VLDB Journal

Growing triples on trees: An XML-RDF hybrid model for annotated documents

View publication


Since the beginning of the Semantic Web initiative, significant efforts have been invested in finding efficient ways to publish, store, and query metadata on the Web. RDF and SPARQL have become the standard data model and query language, respectively, to describe resources on the Web. Large amounts of RDF data are now available either as stand-alone datasets or as metadata over semi-structured (typically XML) documents. The ability to apply RDF annotations over XML data emphasizes the need to represent and query data and metadata simultaneously.

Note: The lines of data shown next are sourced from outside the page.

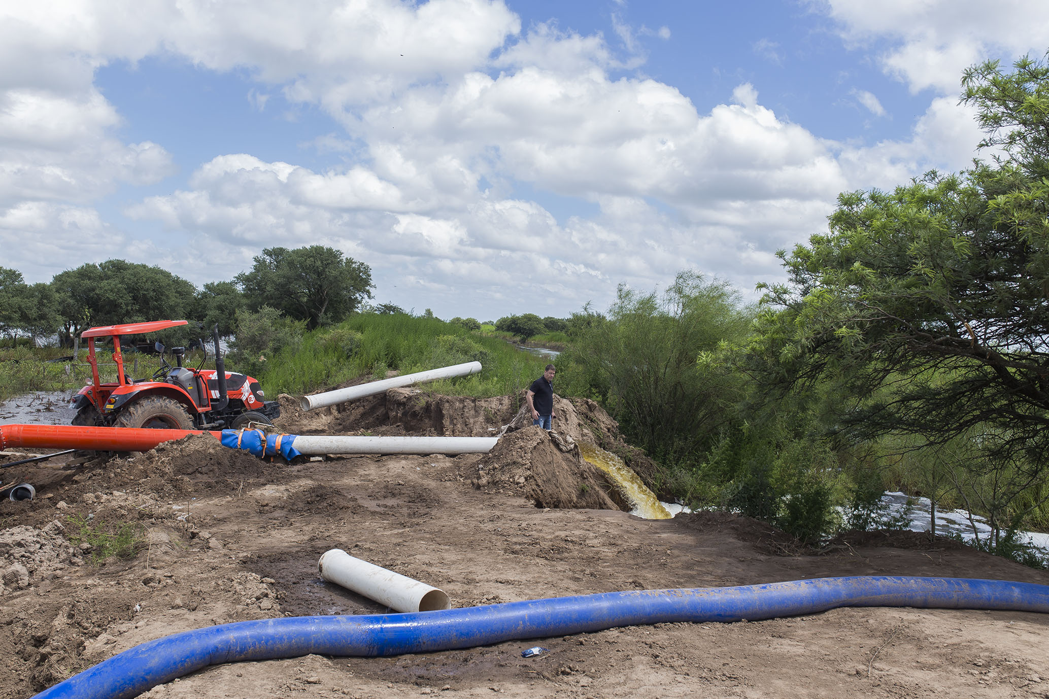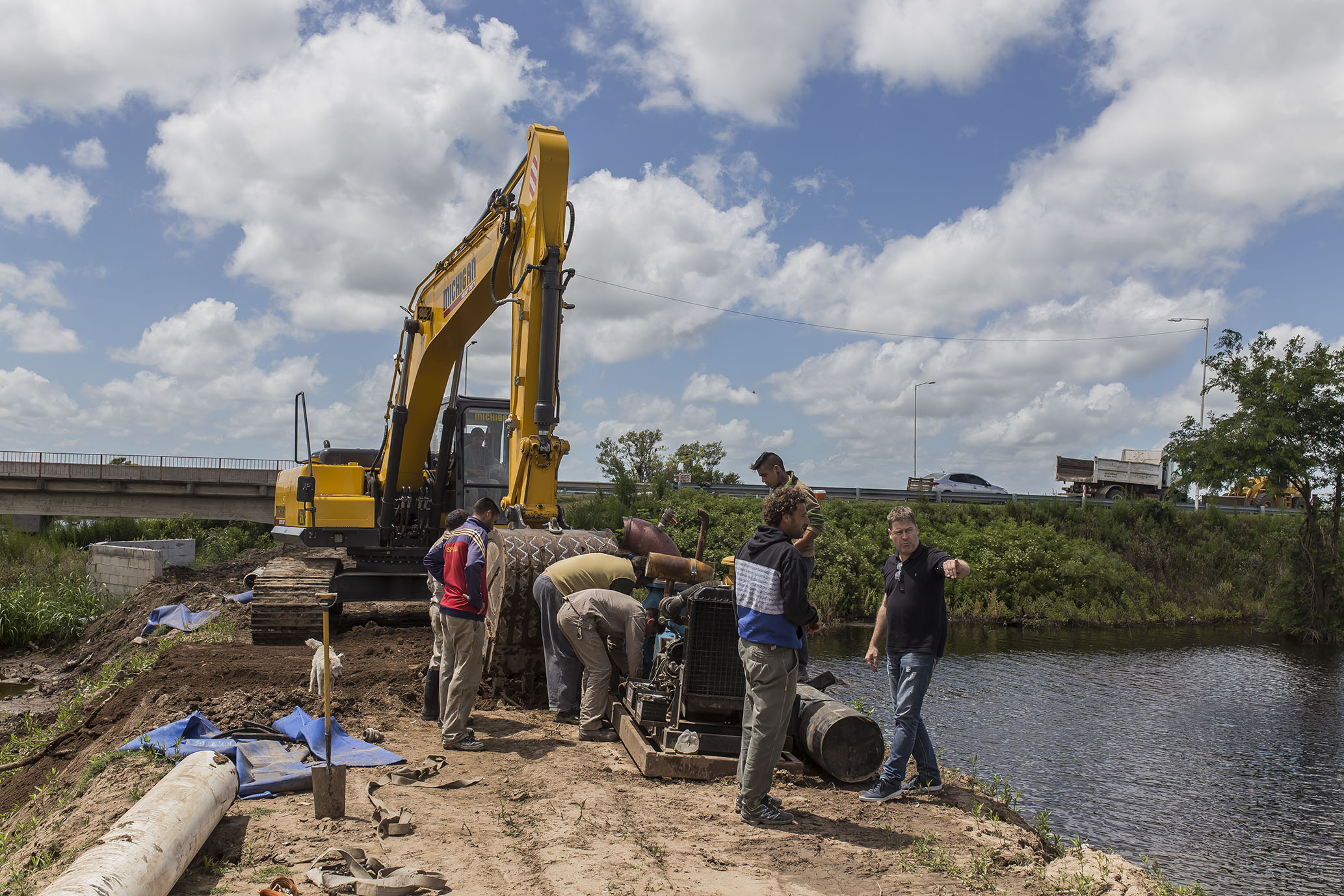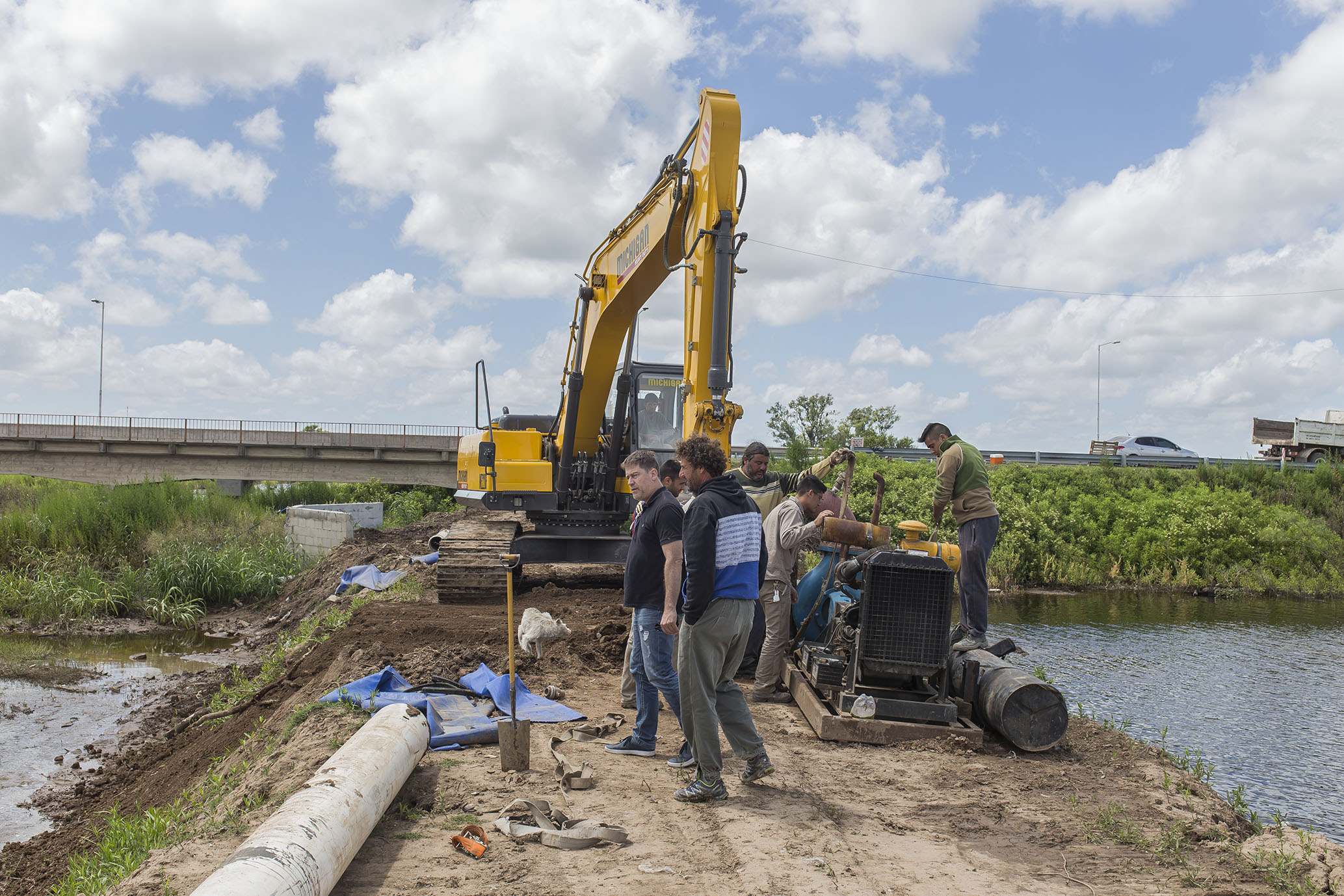 Camiones municipales con escombros y de la empresa APE S.A. con piedras trabajan en la salida del Canal Derivador Oeste.
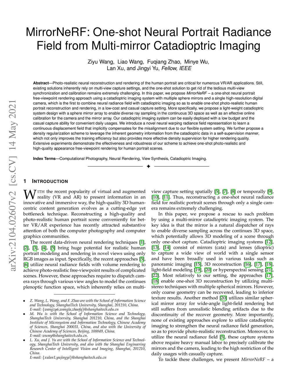 MirrorNeRF: One-shot Neural Portrait Radiance Field from Multi-mirror
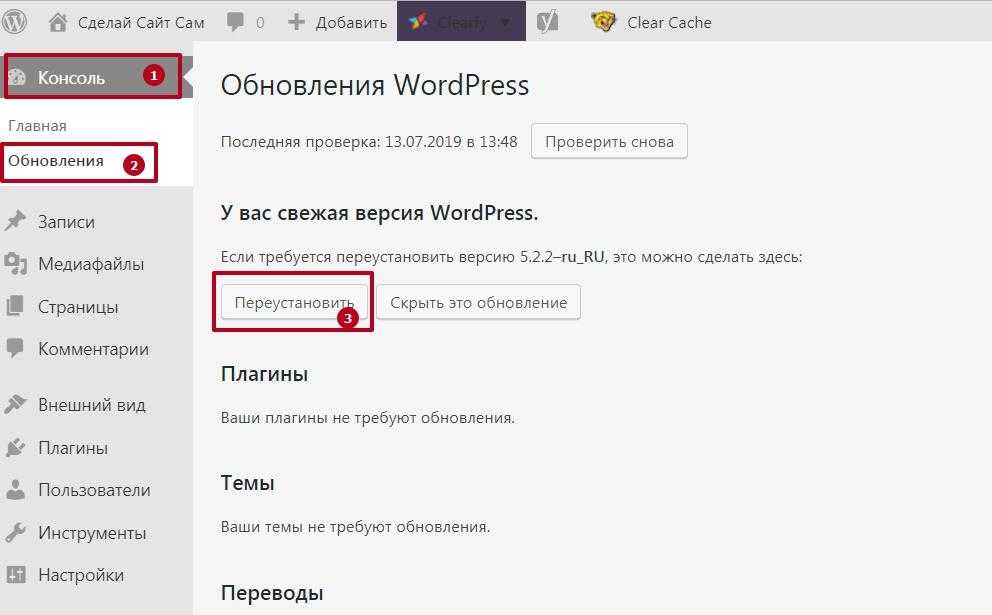 Если у вас последняя версия wordpress — переустановите ее. Работаете на старой — обновитесь до последней. Все это делается в консоли wordpress.
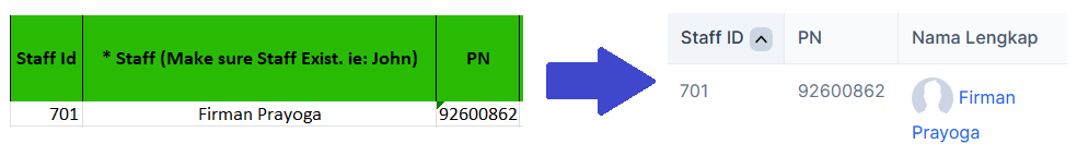 💡Referensi Pengisian: Buka HRM > Staff, lalu cari nama staff.
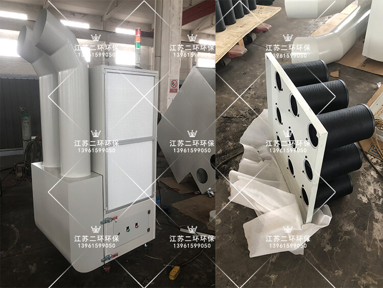 9、目前产品分为两款,一款是不带活性炭过滤器,型号是KF1001型,过滤烟尘为主,例如电焊烟尘。
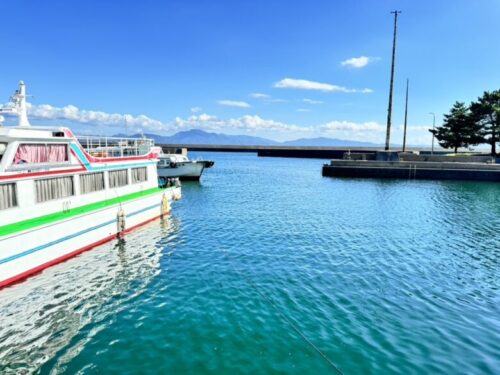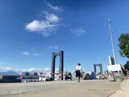 フェリー(片道800円)に乗り潮風を浴びながら向かいます。カヤックの時もだけど、海の上はほんと涼しい。
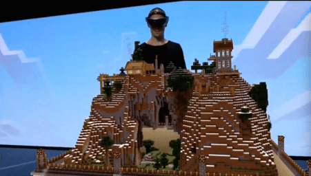 His Minecraft world expanded in three dimensions. He could zoom in on characters, peer through windows, and even raise the whole thing up to look underground. The HoloLens responded to his voice. For the end, he threw lightning at some pigs, because if you’re going to go out, go out on undead bacon.
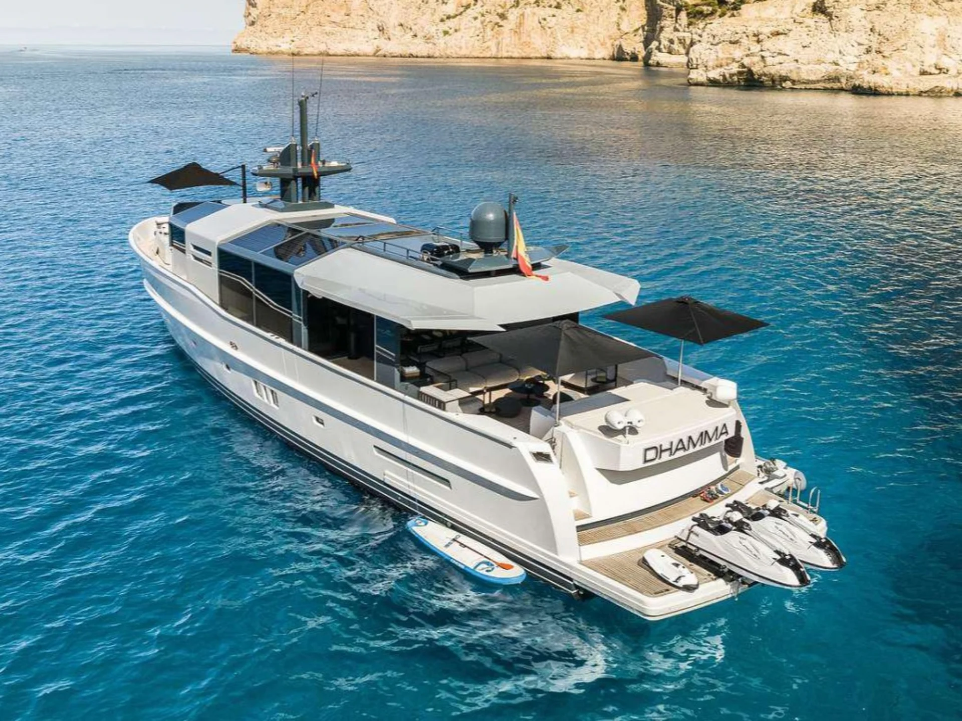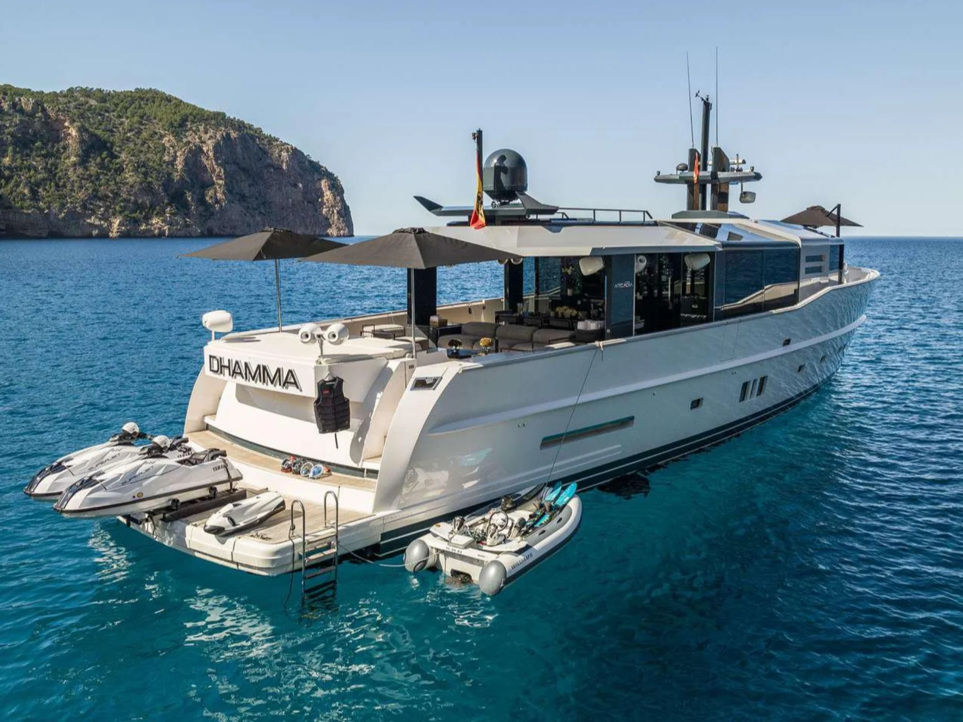 DHAMMA II is an exceptional Arcadia 85 motor yacht available for charter in the Balearic Islands, offering a distinctive combination of contemporary luxury, innovative design, and environmentally conscious technology. Built by the award-winning Italian shipyard Arcadia and extensively updated with major refits in 2023 and 2024, she presents a fresh and forward-thinking approach to modern yachting.
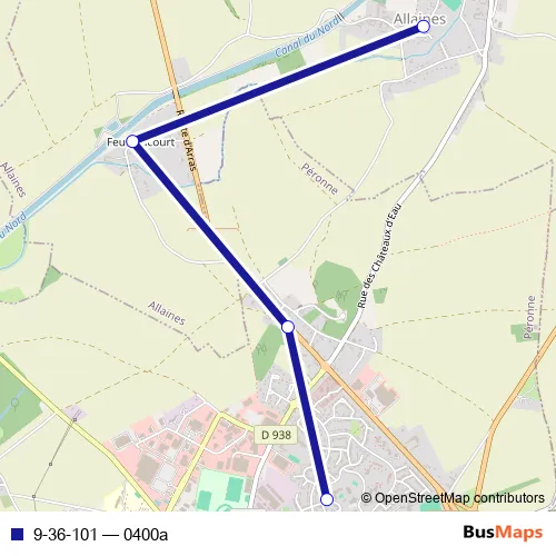 The first stop of the 9-36-101 bus route is Allaines - Centre and the last stop is Peronne - Ecole du Mont Saint-Quentin. 9-36-101 (0400a) is operational during tous les jours.
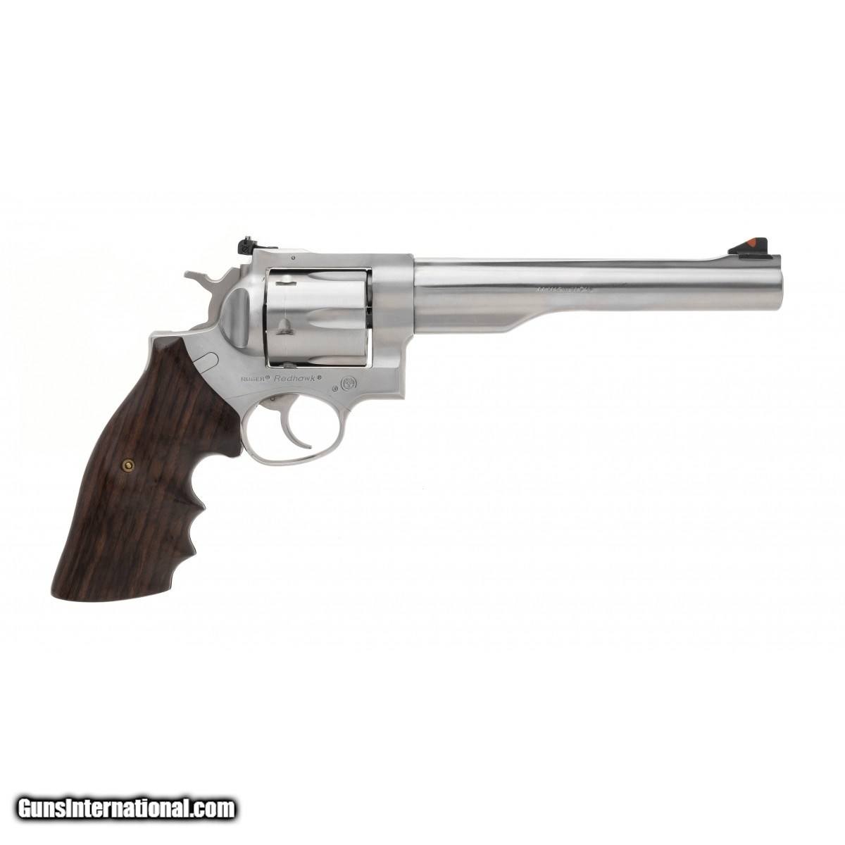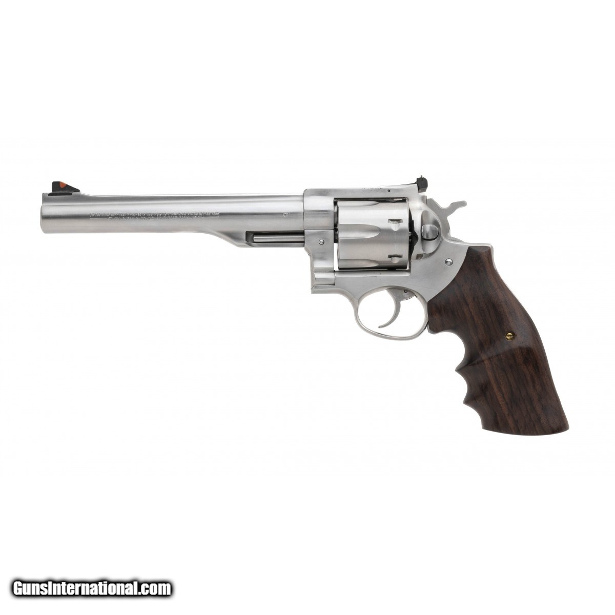 Stainless steel revolver with 7.5"" barrel. Has custom wood grips. Excellent condition.
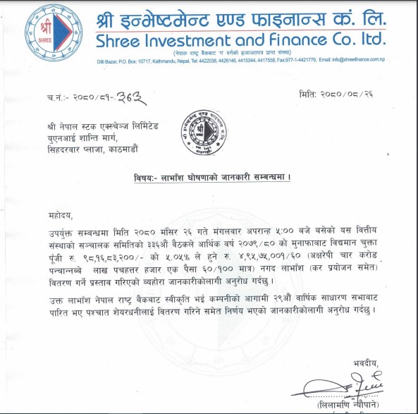 श्री इन्भेष्टमेन्ट एण्ड फाइनान्सको लाभांश घोषणा
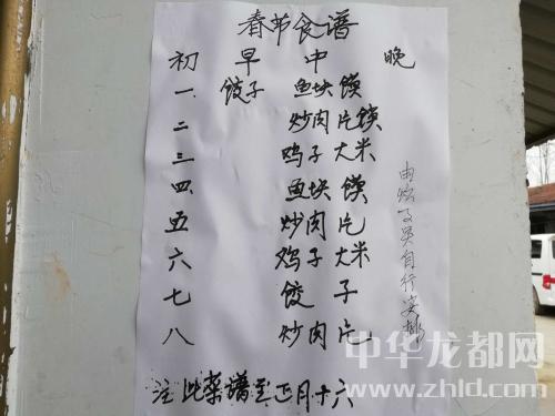午饭时,老人们井然有序地端着馒头、大米粥、小酥肉等在餐厅内就餐。两个刚吃过饭的老人仔细查看贴在食堂门口的《春节食谱》,路过的一位老太太开玩笑说他们吃着碗里看着锅里。李学告诉记者:“从正月初一到正月十五,敬老院的菜谱荤素搭配,每日三餐不重样。5名炊事员一门心思想让老人吃得香、吃得鲜、吃得好。”同时,记者发现在敬老院的前排房间前,两名服务员正推着餐车一间挨着一间为行动不便的老人们送水、送饭。
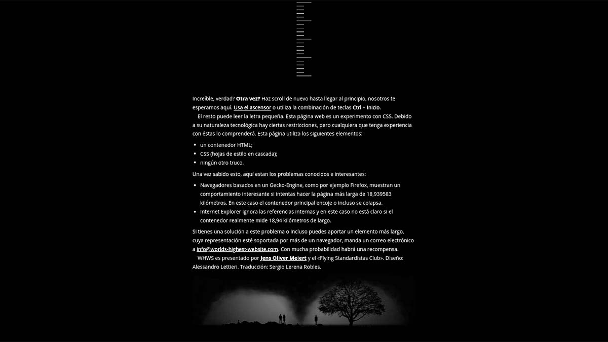 Si quieres comprobar de primera mano que la página mide los casi 19 kilómetros puedes pasarte un buen rato haciendo scroll con el ratón. Es decir, deslizándote con la rueda del ratón hasta el llegar al final de la pantalla. O, si lo prefieres, puedes utilizar el ascensor que te lleva directamente al final de manera gratuita.
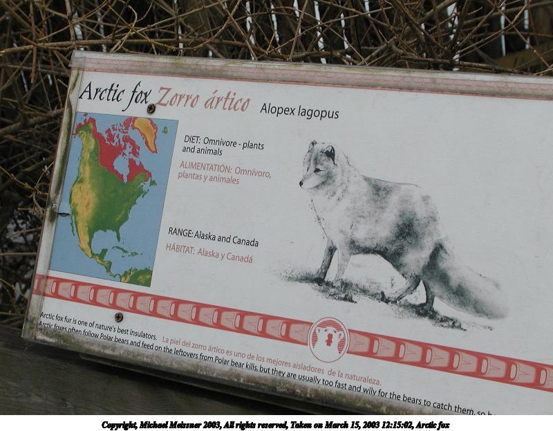 Picture #71: Arctic fox #3 800x623, 75,036 bytes (74K), (html file) Copyright, Michael Meissner 2003, All rights reserved Olympus C-2100UZ camera f/4.5, ISO 100, 1/650 sec, 48.3mm, auto mode, SHQ, cloudy, matrix metering 35mm equivalent focal length 268.0mm Taken by Michael Meissner on March 15, 2003 12:15:24 Last modified on March 28, 2003 at 09:10 |
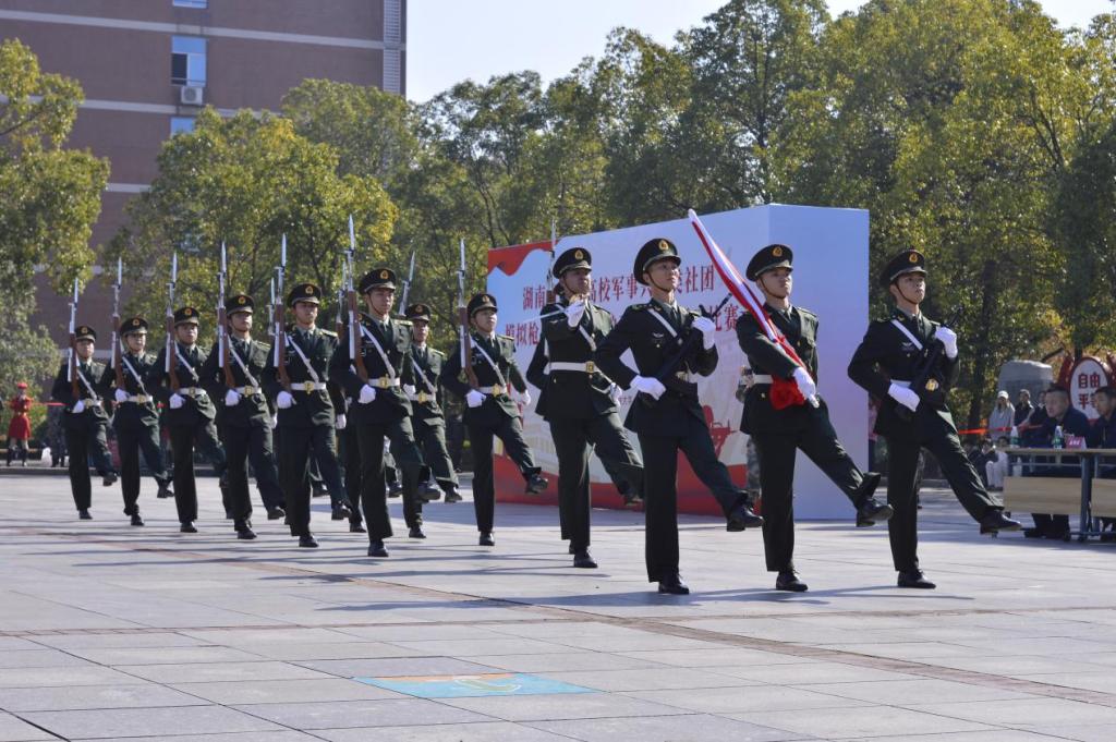 据悉,本次比赛由湖南省高等教育学会国防教育专业委员会主办,湖南大学与湖南农业大学联合承办。赛事汇聚了全省各高校军事社团的骨干力量,通过模拟枪射击、国旗护卫队风采展示、班组队列展示等多个竞赛项目,全方位检验高校学子的军事技能与团队协作能力。

We propose XR, a novel hybrid data model capturing the structural aspects of XML data and the semantics of RDF, also enabling us to reason about XML data. Our model is general enough to describe pure XML or RDF datasets, as well as RDF-annotated XML data, where any XML node can act as a resource. This data model comes with the XRQ query language that combines features of both XQuery and SPARQL. To demonstrate the feasibility of this hybrid XML-RDF data management setting, and to validate its interest, we have developed an XR platform on top of well-known data management systems for XML and RDF. In particular, the platform features several XRQ query processing algorithms, whose performance is experimentally compared. © 2013 Springer-Verlag Berlin Heidelberg.